Gramophone finds "impressive accomplishment and no mean flair" in The Gluepot Connection
/" ‘That bloody Gluepot’ was how an infuriated Sir Henry Wood described The George, a bustling public house just round the corner from BBC Broadcasting House and the old Queen’s Hall, whose denizens once numbered many an orchestral player as well as the distinguished line-up of composers featured here. Andrew Griffiths has put together a generous and varied a cappella sequence, as nourishing as it is technically challenging, nowhere more so than in Arnold Bax’s towering Mater ora filium, which receives a reading of impressive accomplishment and no mean flair, if without quite outranking Ralph Allwood’s exhilarating and miraculously assured version with the youthful Rodolfus Choir (a genuine ‘must hear’ – Herald, 9/95). The same figure’s gorgeous I sing of a maiden also comes off very well, and how perceptively Griffiths and his responsive group quarry the depths of both John Ireland’s The Hills (which touchingly incorporates material from the slow movement of Elgar’s First Symphony) and Walton’s sublime setting of John Masefield’s Where does the uttered music go?.
Particularly welcome are the premiere recordings of Alan Rawsthorne’s Four Seasonal Songs (1956), and Alan Bush’s Lidice (1947) and Like Rivers Flowing (1957) – the former an especially powerful creation first given under the composer’s lead at the site of the eponymous Czech village obliterated by the Nazis.

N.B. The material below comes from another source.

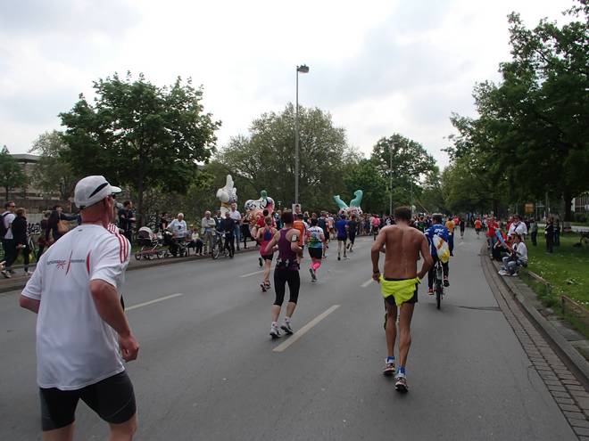 Friesenstraße 10.46 Uhr / Km 21,5 Aber von überholenden Läufern ließ ich mich nicht nervös machen. Inzwischen gibt es zu viele Marathons mit Staffeln dabei. Oder Marathons mit vielen Runden. |

Elsewhere, Peter Warlock’s The Full Heart (completed in 1916 and revised five years later) mesmerises in its penetrating harmonic resourcefulness, as indeed does Delius’s lovely On Craig Ddu (which so bowled over the teenage Warlock when he heard it at Eton College); Elisabeth Lutyens’s sensuous Verses of Love (to words by Ben Jonson) enjoys superbly controlled advocacy; and it’s always a treat to encounter Moeran’s enchanting Songs of Springtime when they receive such ardent and fresh-faced treatment as here.
Excellently engineered by David Hinitt within the helpful surroundings of All Hallows, Gospel Oak, and knowledgeably annotated by Andrew Griffiths, this enterprising and imaginative Somm anthology strikes me as well worth seeking out."